No dia anterior, ele diz que assistiu a uma reportagem sobre um acidente automobilístico registrado em Campina Grande. Uma mulher de 37 anos havia morrido. Mas, na hora, ele não pensou em nada ligado a ele. Passou o dia. À noite, foi dormir como se fosse uma noite qualquer. Não seria.

De madrugada, o celular dele tocou. Foi a esposa, Katyuscia, quem atendeu. Sobressaltou-se. Acordou-o completamente assustado. Havia um rim compatível à espera dele. Às quatro da tarde daquele mesmo dia, estaria entrando na sala de cirurgia, de onde saiu à meia-noite com um novo rim.

“Hoje eu vivo uma vida quase normal. Não posso pegar peso, não posso sofrer nenhuma pancada mais forte no local, mas hoje eu tenho uma liberdade que não conhecia há tempos. Sem a necessidade de hemodiálise. Não tem comparação. Estou livre daquela agulha, que é mais grossa do que a usada para doação de sangue”, descreve.

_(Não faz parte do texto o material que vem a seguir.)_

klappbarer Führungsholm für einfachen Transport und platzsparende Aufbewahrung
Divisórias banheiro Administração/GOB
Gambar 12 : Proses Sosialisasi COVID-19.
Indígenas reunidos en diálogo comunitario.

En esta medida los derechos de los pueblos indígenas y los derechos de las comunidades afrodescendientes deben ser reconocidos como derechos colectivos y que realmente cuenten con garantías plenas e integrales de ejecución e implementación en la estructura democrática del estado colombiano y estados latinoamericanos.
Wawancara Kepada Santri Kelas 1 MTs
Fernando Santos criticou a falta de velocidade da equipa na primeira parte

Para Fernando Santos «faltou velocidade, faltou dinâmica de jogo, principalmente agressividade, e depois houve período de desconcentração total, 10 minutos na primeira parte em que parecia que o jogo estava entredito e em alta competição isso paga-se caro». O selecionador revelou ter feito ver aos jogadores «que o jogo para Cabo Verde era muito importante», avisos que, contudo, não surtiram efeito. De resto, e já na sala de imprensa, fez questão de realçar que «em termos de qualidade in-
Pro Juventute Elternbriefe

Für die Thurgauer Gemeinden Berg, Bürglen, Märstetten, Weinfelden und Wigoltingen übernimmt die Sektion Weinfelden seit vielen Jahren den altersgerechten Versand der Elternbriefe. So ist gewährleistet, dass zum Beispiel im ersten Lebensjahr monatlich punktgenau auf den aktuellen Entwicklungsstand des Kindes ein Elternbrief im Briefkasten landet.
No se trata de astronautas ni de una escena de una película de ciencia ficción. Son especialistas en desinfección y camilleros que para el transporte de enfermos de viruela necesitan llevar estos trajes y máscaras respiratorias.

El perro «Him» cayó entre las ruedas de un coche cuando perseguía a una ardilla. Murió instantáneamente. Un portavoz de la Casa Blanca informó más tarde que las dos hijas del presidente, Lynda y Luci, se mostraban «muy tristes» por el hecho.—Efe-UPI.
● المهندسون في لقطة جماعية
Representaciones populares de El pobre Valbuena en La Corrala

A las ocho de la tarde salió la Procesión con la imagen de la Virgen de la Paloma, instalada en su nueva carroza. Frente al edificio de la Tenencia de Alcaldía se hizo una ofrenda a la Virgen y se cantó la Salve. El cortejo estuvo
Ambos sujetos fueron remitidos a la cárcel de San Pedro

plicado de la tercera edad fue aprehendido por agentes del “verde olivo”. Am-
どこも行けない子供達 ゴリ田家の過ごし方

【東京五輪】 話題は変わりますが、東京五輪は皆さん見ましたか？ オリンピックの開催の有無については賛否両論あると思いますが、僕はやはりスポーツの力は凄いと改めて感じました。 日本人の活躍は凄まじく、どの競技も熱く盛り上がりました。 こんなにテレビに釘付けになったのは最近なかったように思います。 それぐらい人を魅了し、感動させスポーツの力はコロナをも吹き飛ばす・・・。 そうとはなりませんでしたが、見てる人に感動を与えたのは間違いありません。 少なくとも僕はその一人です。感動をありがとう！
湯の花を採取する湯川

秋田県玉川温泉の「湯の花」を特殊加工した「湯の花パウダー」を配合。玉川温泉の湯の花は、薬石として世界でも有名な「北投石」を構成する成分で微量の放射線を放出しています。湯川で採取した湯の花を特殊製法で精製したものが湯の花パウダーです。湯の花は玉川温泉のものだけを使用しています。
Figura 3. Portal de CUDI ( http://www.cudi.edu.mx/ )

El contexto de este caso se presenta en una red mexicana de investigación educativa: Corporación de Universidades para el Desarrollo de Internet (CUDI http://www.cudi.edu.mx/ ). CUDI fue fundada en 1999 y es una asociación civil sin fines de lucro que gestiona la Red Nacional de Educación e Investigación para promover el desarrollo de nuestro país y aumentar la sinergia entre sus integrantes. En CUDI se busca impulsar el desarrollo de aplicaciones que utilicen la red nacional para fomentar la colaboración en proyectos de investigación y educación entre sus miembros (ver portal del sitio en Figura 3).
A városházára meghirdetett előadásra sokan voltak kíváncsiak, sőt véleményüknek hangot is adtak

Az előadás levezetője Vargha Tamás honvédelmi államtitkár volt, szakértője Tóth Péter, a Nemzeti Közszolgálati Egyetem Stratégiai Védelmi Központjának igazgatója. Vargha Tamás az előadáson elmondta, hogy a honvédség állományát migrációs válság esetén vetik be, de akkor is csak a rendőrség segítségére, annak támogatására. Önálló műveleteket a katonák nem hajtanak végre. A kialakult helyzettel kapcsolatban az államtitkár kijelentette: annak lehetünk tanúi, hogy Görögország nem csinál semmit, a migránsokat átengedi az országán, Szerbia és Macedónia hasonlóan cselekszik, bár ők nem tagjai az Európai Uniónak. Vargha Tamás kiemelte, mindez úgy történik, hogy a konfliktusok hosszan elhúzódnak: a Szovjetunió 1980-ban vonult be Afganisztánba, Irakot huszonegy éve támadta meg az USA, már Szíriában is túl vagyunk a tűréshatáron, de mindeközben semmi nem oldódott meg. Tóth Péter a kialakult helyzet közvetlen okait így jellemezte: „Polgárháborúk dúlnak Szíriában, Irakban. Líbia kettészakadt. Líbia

João Paulo está fora da fila. No entanto, ela segue longa. São atualmente 642 em espera por transplante na Paraíba, sendo 438 no aguardo de córnea, 197 de rim, seis de fígado e um de coração.

Mas João Paulo só pensa mesmo em viajar, tão logo acabe a pandemia. E, para quem nunca pôde sair de João Pessoa, pequenos feitos se transformam em desejos de toda uma vida. “Meu sonho é conhecer a praia de Pipa”, comenta João Paulo, sorridente, se dizendo pronto para ser feliz.